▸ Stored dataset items
────────
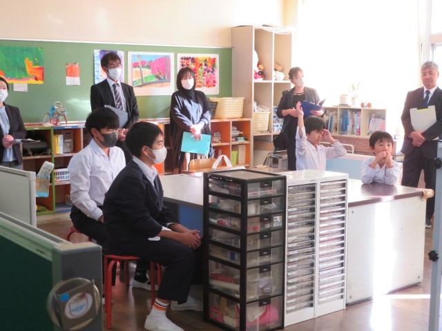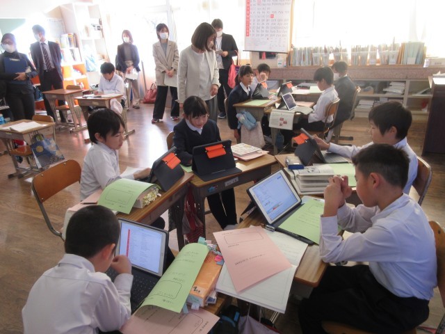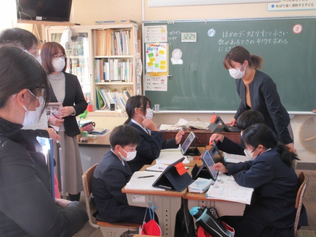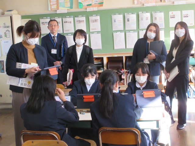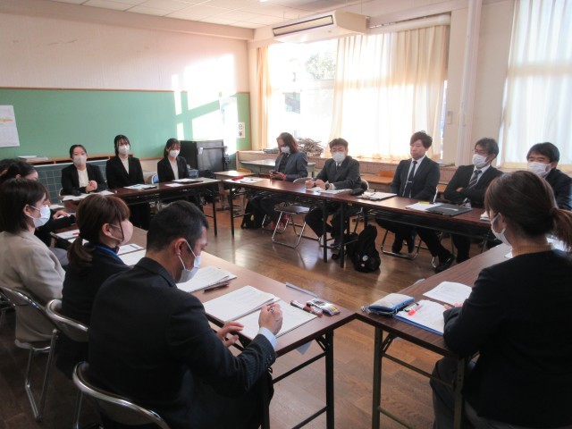 市の学力向上推進事業の一環で、松陽中学校区の3校の先生にお越しいただき授業を参観いただきました。参観後の分科会では、子どもたちに育てていきたい姿やそれに向けての取組みを共有したり、情報交換をしたりして地区で連携した取り組みについて話し合いを深めることができました。
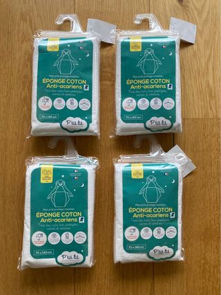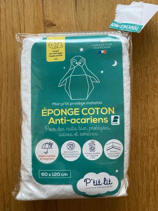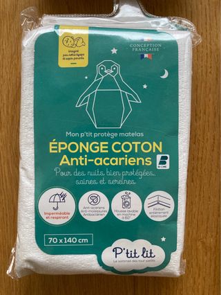 Protector de colchón de felpa de algodón impermeable y antiácaros P'TIT LIT nuevo sin estrenar, con etiqueta y sin abrir. Una funda de felpa de rizo 100% algodón, ultrasuave y absorbente. Su película impermeable de poliuretano, suave, microrrespirante y silenciosa ofrece noches serenas y una protección del colchón total. Gracias al tratamiento protector Bi-Ome®, el bebé estará protegido contra ácaros, bacterias y hongos para disfrutar de una higiene perfecta. Forma de sábana bajera, para una adecuada sujeción en el colchón. Fácil colocación, gracias a sus acabados elásticos.
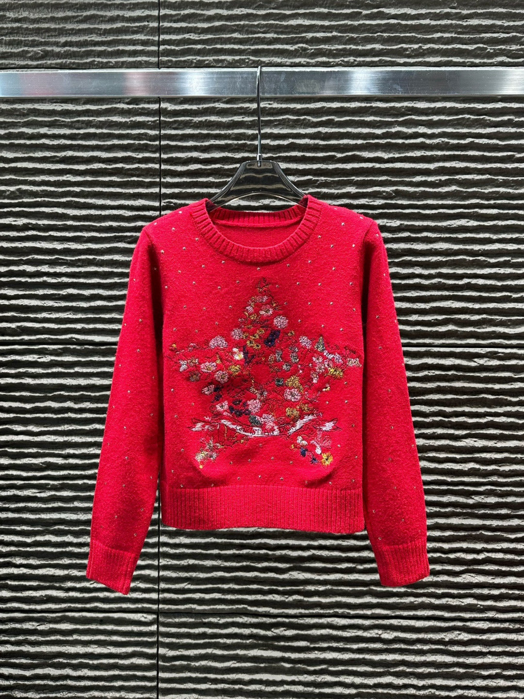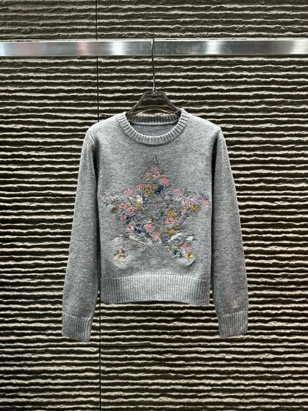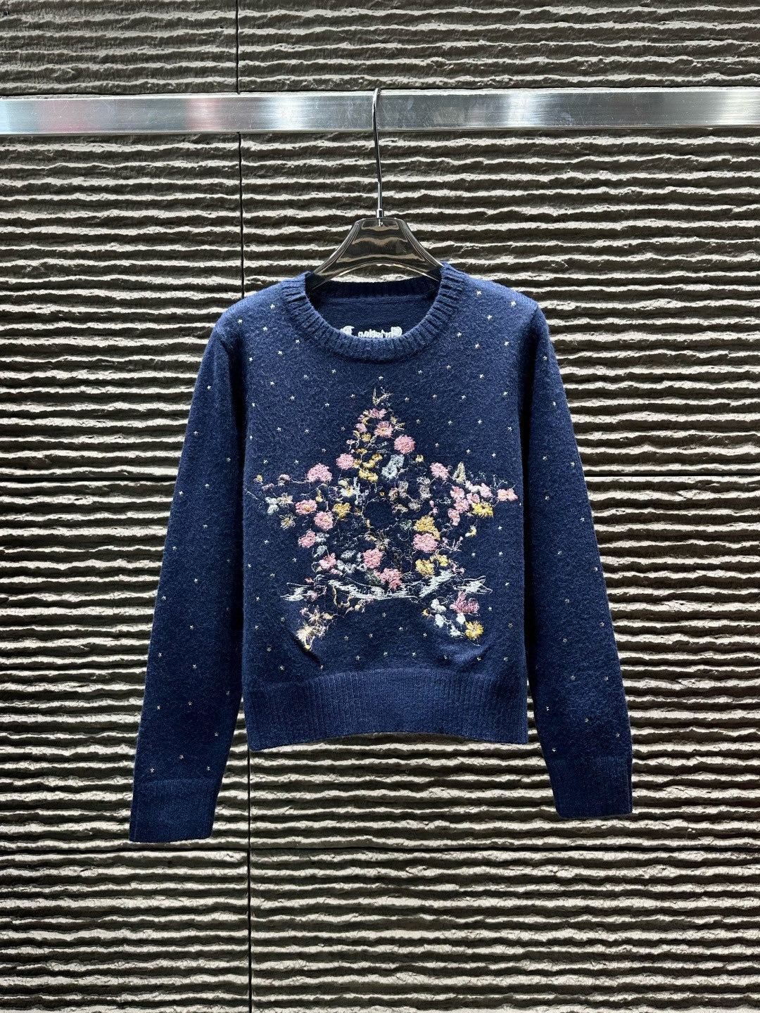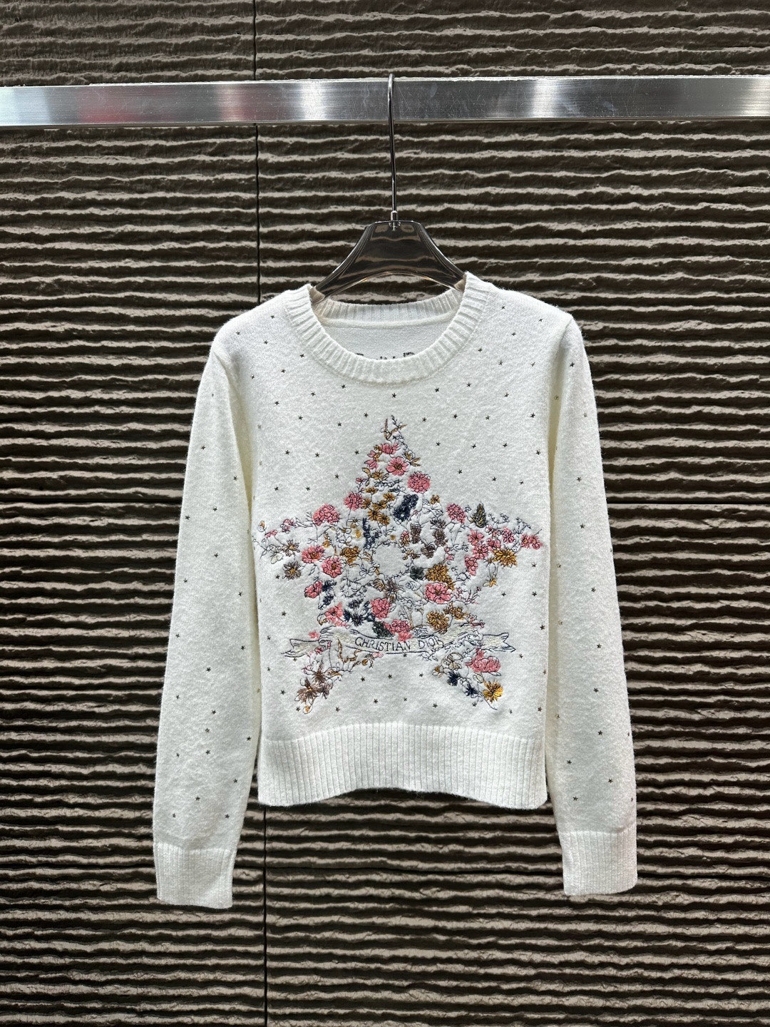 115135948 - Dior迪奥花卉五角星重工刺绣烫钻圆领长袖针织毛衣 款号 2 383707
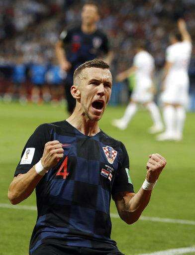 Croatia's Ivan Perisic celebrates after scoring his side's first goal during the semifinal match between Croatia and England at the 2018 soccer World Cup in the Luzhniki Stadium in Moscow, Russia, Wednesday, July 11, 2018. (AP Photo/Alastair Grant) The Associated Press
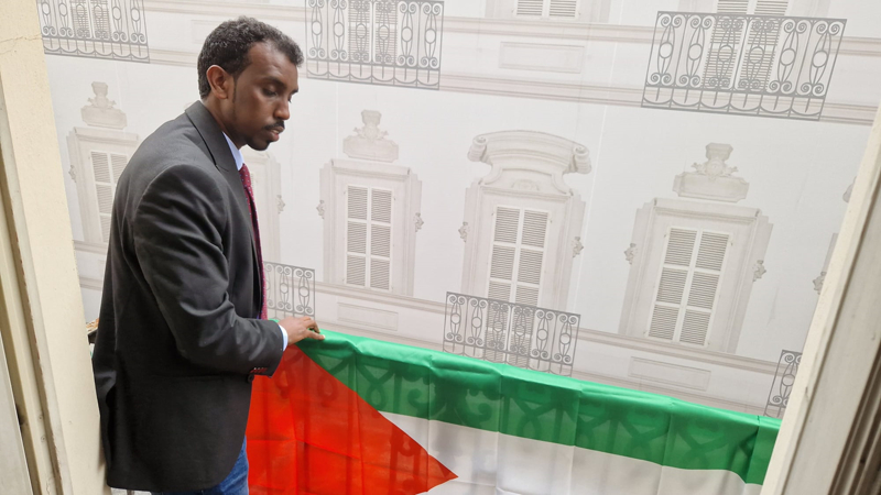 Ahmed, AA muhabirine yaptığı açıklamada, Filistin'e destek ve dayanışmasını göstermek aynı zamanda, "Tüm gözler Refah'ın üzerinde" kampanyasına katılmak için kısa süre önce benzer bir uygulamaya giden Bologna Belediyesi gibi belediye binasına Filistin bayrağı astığını söyledi.
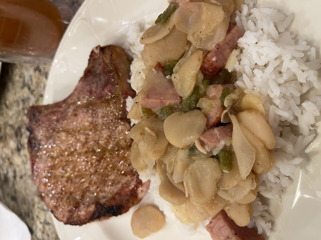 Cooked a pork roast, some big white limas, rice, gravy, salad and rolls. Fed my bartender. :)
────────
▸ Aim of the exercise
Output all of the data exactly as it stands, minus any images.

▸ Final answer
 市の学力向上推進事業の一環で、松陽中学校区の3校の先生にお越しいただき授業を参観いただきました。参観後の分科会では、子どもたちに育てていきたい姿やそれに向けての取組みを共有したり、情報交換をしたりして地区で連携した取り組みについて話し合いを深めることができました。
 Protector de colchón de felpa de algodón impermeable y antiácaros P'TIT LIT nuevo sin estrenar, con etiqueta y sin abrir. Una funda de felpa de rizo 100% algodón, ultrasuave y absorbente. Su película impermeable de poliuretano, suave, microrrespirante y silenciosa ofrece noches serenas y una protección del colchón total. Gracias al tratamiento protector Bi-Ome®, el bebé estará protegido contra ácaros, bacterias y hongos para disfrutar de una higiene perfecta. Forma de sábana bajera, para una adecuada sujeción en el colchón. Fácil colocación, gracias a sus acabados elásticos.
 115135948 - Dior迪奥花卉五角星重工刺绣烫钻圆领长袖针织毛衣 款号 2 383707
 Croatia's Ivan Perisic celebrates after scoring his side's first goal during the semifinal match between Croatia and England at the 2018 soccer World Cup in the Luzhniki Stadium in Moscow, Russia, Wednesday, July 11, 2018. (AP Photo/Alastair Grant) The Associated Press
 Ahmed, AA muhabirine yaptığı açıklamada, Filistin'e destek ve dayanışmasını göstermek aynı zamanda, "Tüm gözler Refah'ın üzerinde" kampanyasına katılmak için kısa süre önce benzer bir uygulamaya giden Bologna Belediyesi gibi belediye binasına Filistin bayrağı astığını söyledi.
 Cooked a pork roast, some big white limas, rice, gravy, salad and rolls. Fed my bartender. :)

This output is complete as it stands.